* _What the task asks_: The output must contain exactly the lines from the top of the listing below through the line containing "Женский лонгслив Paramour", and no pictures.

START Exercise materials

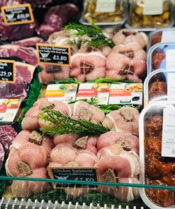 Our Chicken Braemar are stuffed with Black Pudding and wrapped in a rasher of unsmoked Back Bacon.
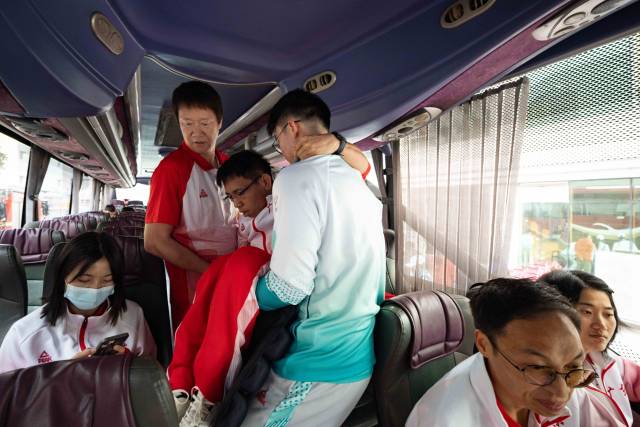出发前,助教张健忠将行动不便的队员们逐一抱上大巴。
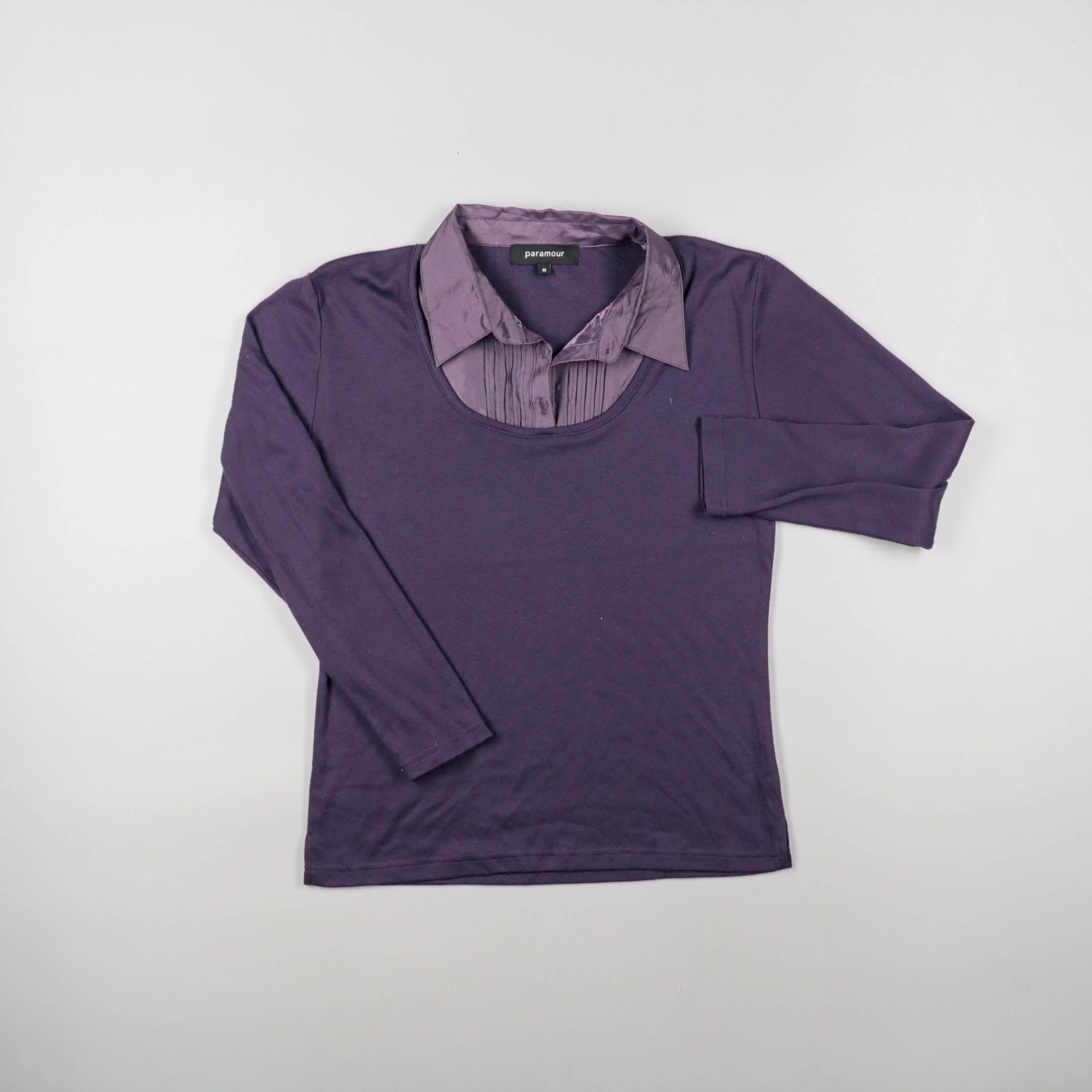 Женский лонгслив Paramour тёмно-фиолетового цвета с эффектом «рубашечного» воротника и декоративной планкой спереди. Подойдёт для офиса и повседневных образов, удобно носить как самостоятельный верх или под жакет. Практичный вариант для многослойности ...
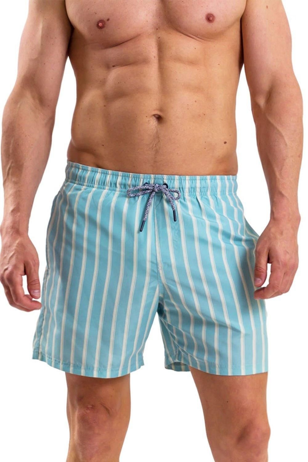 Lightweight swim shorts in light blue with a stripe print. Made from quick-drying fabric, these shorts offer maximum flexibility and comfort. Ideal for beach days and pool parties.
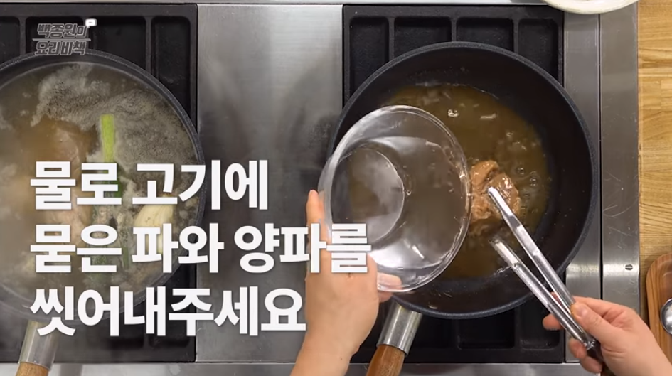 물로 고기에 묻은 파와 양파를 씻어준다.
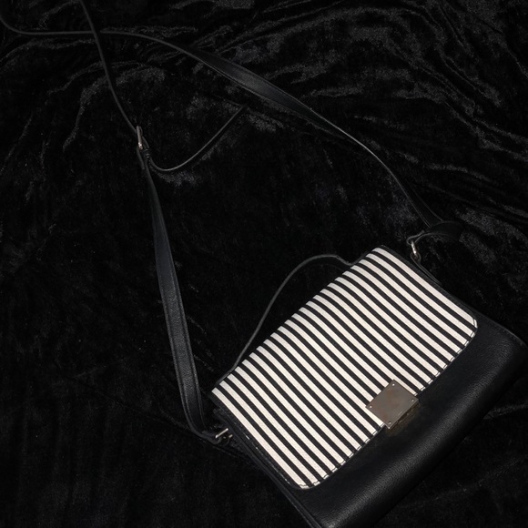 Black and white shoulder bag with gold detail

END Exercise materials

* _Problem solution_:
 Our Chicken Braemar are stuffed with Black Pudding and wrapped in a rasher of unsmoked Back Bacon.
出发前,助教张健忠将行动不便的队员们逐一抱上大巴。
 Женский лонгслив Paramour тёмно-фиолетового цвета с эффектом «рубашечного» воротника и декоративной планкой спереди. Подойдёт для офиса и повседневных образов, удобно носить как самостоятельный верх или под жакет. Практичный вариант для многослойности ...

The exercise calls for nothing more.